How well I remember a crossing from the white cliffs of Dover to Calais many years ago by ferry. I had never seen a flying fish, but that night by moonlight I saw three flashing above the darkness of water beside the ferry, carried so far north by some wild warm current. I watched them, rapt, as the first child must once have watched the first butterflies. And when I stumbled down onto the docks with my French pocket dictionary and a few coins in my pocket, all my mind was consumed by the thought: What beautiful things there are in the sea!

These days, thanks to the existence of the Internet, you can find a copy of Earth, Sea, and Sky on ebay or alibris, though once it must have taken a treasure hunt indeed.

Monday, February 4, 2008

Cherokee Stories


The last few years have seen something that to me is very beautiful: living, current tellings of Cherokee stories - as well as those of other American Indian nations - available to wider audiences. No more the dry anthropologies of the late nineteenth century: these narratives of myth and folklore are bright and vivid in their colors, alive, current, real. Barbara Duncan's Living Stories of the Cherokee - which transcribes the tales of active storytellers in the Eastern Cherokee Band in North Carolina (storytellers who tell their tales at schools or at council meetings, or just on Saturday afternoons on the porch) - is a monument in literary anthropology. Its authenticity and vitality is due to: 1) the fact that Barbara Duncan lived in Cherokee, North Carolina - she was not an outsider brought in; and 2) she treats each story as both story and record, rather than as just one or the other: in this, she grasps something central to this culture's storytelling. Definitely take a look: it is a passionate book.

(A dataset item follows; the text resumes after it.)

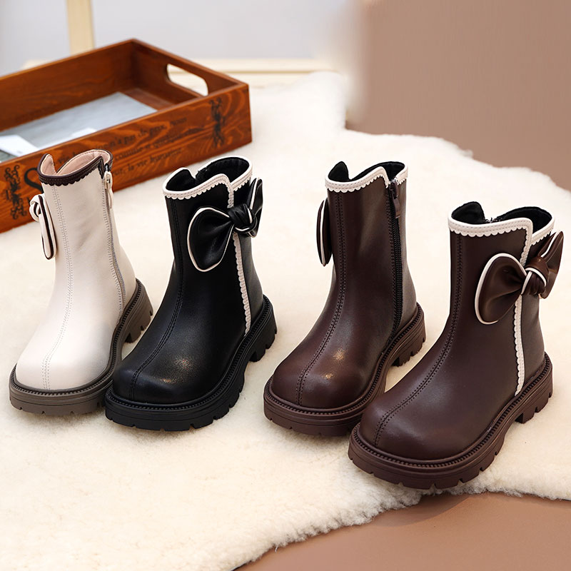 女童棉靴真皮儿童马丁靴小女孩公主靴2025秋冬新款 加绒保暖童靴子

Also - recent years have seen a surge in children's books - with such art! - telling the old stories: the story of the first strawberries, for instance, is beautifully told and beautifully painted in Bruchac and Vojtech's book:


I wish I had the last painting in that book scanned to offer here, but you will have to buy or borrow the book. It is a breathtaking illustration: the man and the woman together, reunited by the strawberries, and holding the berries cupped in their hands together, their faces lit with the soft red glow of the shining fruit.

These books mean a great deal to me personally. Strawberries and a few other "leftovers" from past generations had great significance in the house in which I grew up, though often without much definition - all that was left of that segment of our heritage. To this day I keep strawberries in the house, by the door or on the mantel - though it was not until I was a teenager that I knew why.

Impersonally, as an admirer of folklorists and all artists and scholars of mythopoeia, I celebrate these books as a great gift to this generation.

Also, take a look at what's coming in Cherokee, North Carolina: this nation has no casino - instead, vibrant drama, a museum, a cultural center. Somehow throughout the brutality of the centuries this people has kept its dignity and its stories and by doing so has remained a people. It is something to be admired and celebrated, and it is a wondrous thing that a wider audience is now listening to their musicians and their storytellers. We are traveling further around the circle of Time.